# Setting kern.securelevel in rc.conf doesn't work?



## ShelLuser (Jul 26, 2013)

Hi gang,

Still on FreeBSD-9.1-RELEASE-p4.

The search for more security continues and this time I focussed my attention on the kernel security level (see part 15.3.5).

You can set this security level by using either sysctl or by adding a command to /etc/rc.conf, which I did:


```
# Security settings; kernel control & system accounting
kern_securelevel_enable = "YES"
kern_securelevel = "1"
#accounting_enable = "YES"
```
But the moment I had these two lines included I started to see oddities whenever checking my Apache configuration:


```
root@chihiro:/home/peter # apachectl configtest
/etc/rc.conf: kern_securelevel_enable: not found
/etc/rc.conf: kern_securelevel: not found
/etc/rc.conf: kern_securelevel_enable: not found
/etc/rc.conf: kern_securelevel: not found
Performing sanity check on apache22 configuration:
Syntax OK
```
I traced this back to the /usr/sbin/service script which is also used by apachectl (which in its turn is another script):


```
root@chihiro:/home/peter # service apache22 status
/etc/rc.conf: kern_securelevel_enable: not found
/etc/rc.conf: kern_securelevel: not found
/etc/rc.conf: kern_securelevel_enable: not found
/etc/rc.conf: kern_securelevel: not found
apache22 is running as pid 1227.
```
At first I suspected this to be somewhat of a bug in the service script because if the script would detect an error I'd expected completely different output:


```
$ tail -6 `which service`
done

# If the script was not found
echo "$script does not exist in /etc/rc.d or the local startup"
echo "directories (${local_startup})"
exit 1
```
However, I just discovered that there's much more to this than I anticipated. Although the documentation claims that the lines I added to rc.conf are correct it turns out that they're not.
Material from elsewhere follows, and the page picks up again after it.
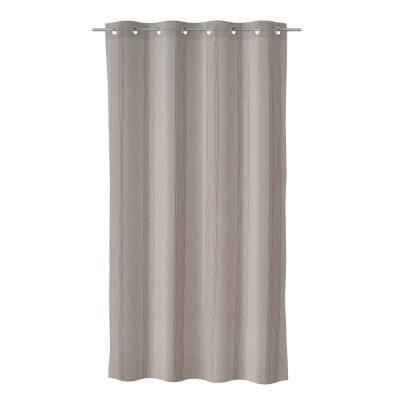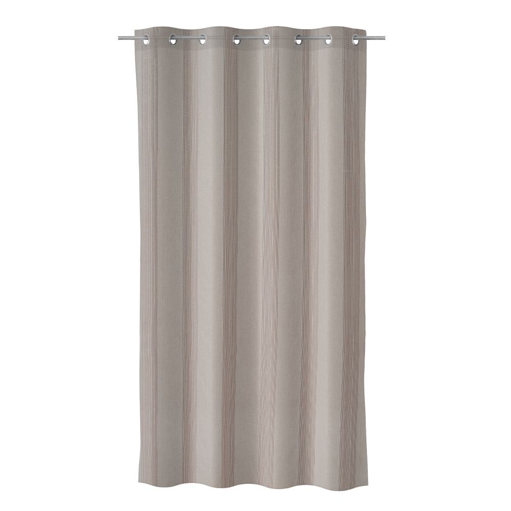 Brown curtain with linear details formed by threads. Curtain made up of 8 chrome rings.

After rebooting my Chihiro server to confirm my suspicions I got several errors regarding these lines during boot, and after the boot process the kernel security level remained at -1:


```
$ dmesg -a | grep secure
/etc/rc.conf: kern_securelevel_enable: not found
/etc/rc.conf: kern_securelevel: not found
/etc/rc.conf: kern_securelevel_enable: not found
/etc/rc.conf: kern_securelevel: not found
/etc/rc.conf: kern_securelevel_enable: not found
/etc/rc.conf: kern_securelevel: not found
```

My question: where is this going wrong?

My first assumption is obviously the documentation, but surely you should be able to set this up during boot as well? So right now my guess is that the author of that article could be assuming that people use a customized kernel whereas I'm not.

Yet that doesn't make too much sense either since changing the kernel security level should be something supported by the standard kernel as well (at least that's what I came to expect).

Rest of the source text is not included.